The team had been terrible, perennially winless, until shortly after Walz’s arrival. The previous season, the varsity team didn’t score a touchdown through the first six weeks. Three years later, in 1999, they won the state championship.

Was Walz a tactical genius? Was he responsible for turning the team around? I asked some of his former players, and others around the team at the time, who said not exactly. For starters, Sutton, the head coach, probably deserved more of the credit. Plus, talented new players arrived, including Eric Stenzel—a six-foot-four-inch, two-hundred-and-thirty-pound linebacker who also threw shot put and ran the four-by-four-hundred-metre relay—and a running back named Chris Boyer, whose family owned the local pizza joint. Walz was interested in strategy, but he wasn’t Bill Belichick. He was the guy the players went to if they had a problem, the guy they liked. He built them up. Even the parents liked him! “He was a very positive influence,” Jack Considine, whose son was coached by Walz on the football team, and whose daughter was coached by Walz on the basketball team—and who, as it happens, was a Democrat involved in Minnesota politics—told me. “I would be really surprised if you could find a parent who was unhappy with the way their child was treated on either one of those teams.”

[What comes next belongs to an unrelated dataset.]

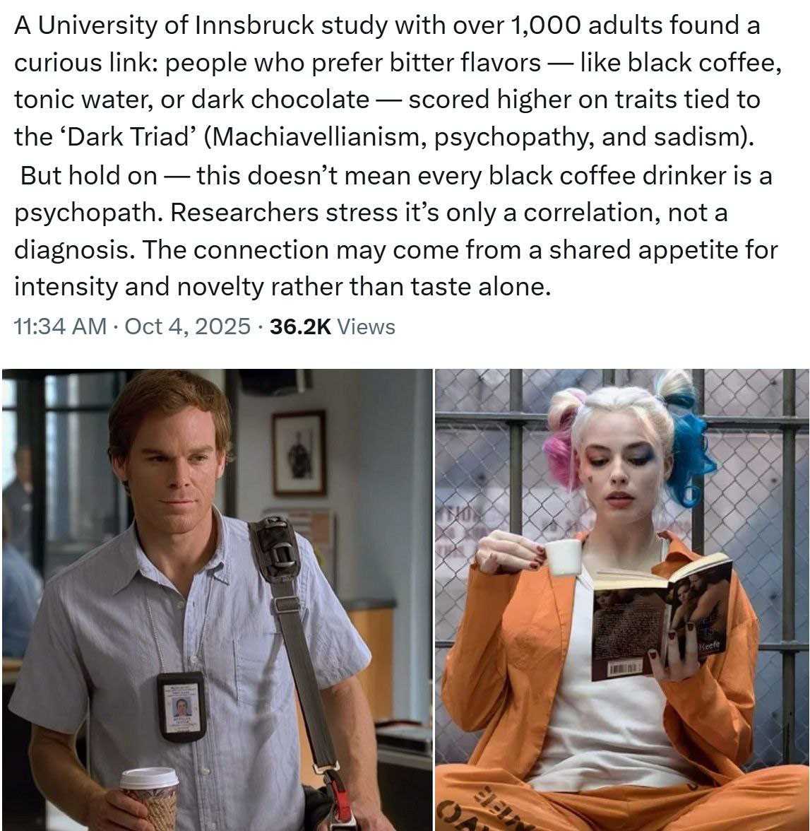 У тех, кто отдает предпочтение горькому вкусу (черный кофе, тоник, темный шоколад ит.д.), яснее угадываются черты характера из так называемой Темной Триады (аморальность, психопатия и садизм). Не то чтобы каждый кофеман обязательно был психом, но корреляция налицо. Возможно это связано с интересом таких людей не столько к самому вкусу, сколько к сильным ощущениям и чувству новизны, которые дарят горечь.

Walz cared about technique, stressed the weight room, and broke down film every weekend. He had a solid playbook, geared toward stopping the run. But what made the biggest impression was his steady positivity. Sutton was “kind of a hard-ass,” Nate Hood, a former player, said. “He was a good coach, but a hard-ass. If you had an issue, you brought it up with Coach Walz first. He’d give you the lay of the land.” Sutton and Walz had something of a good-cop, bad-cop routine. Sutton yelled. Walz only yelled when he was happy. “Everybody plays to their strengths,” Sutton told me, adding, “We had really good chemistry with our staff.”

The team had a saying: “Eleven guys to the ball.” Walz’s defenses were built around speed but, more than that, they were built around belief. Walz spent games pacing in front of the bench, clapping his hands. At halftime, he’d give rousing speeches. “They would start calm, and build and build, and by the end he would make his final statement, and we would be ready to run through a brick wall,” Considine’s son, John, who was an offensive lineman on the state-championship team, told me. The specifics of what Walz said didn’t stick out in his mind. But maybe that was kind of the point. “He was really consistent,” Adam Segar, another former player, said. “There weren’t a lot of surprises.”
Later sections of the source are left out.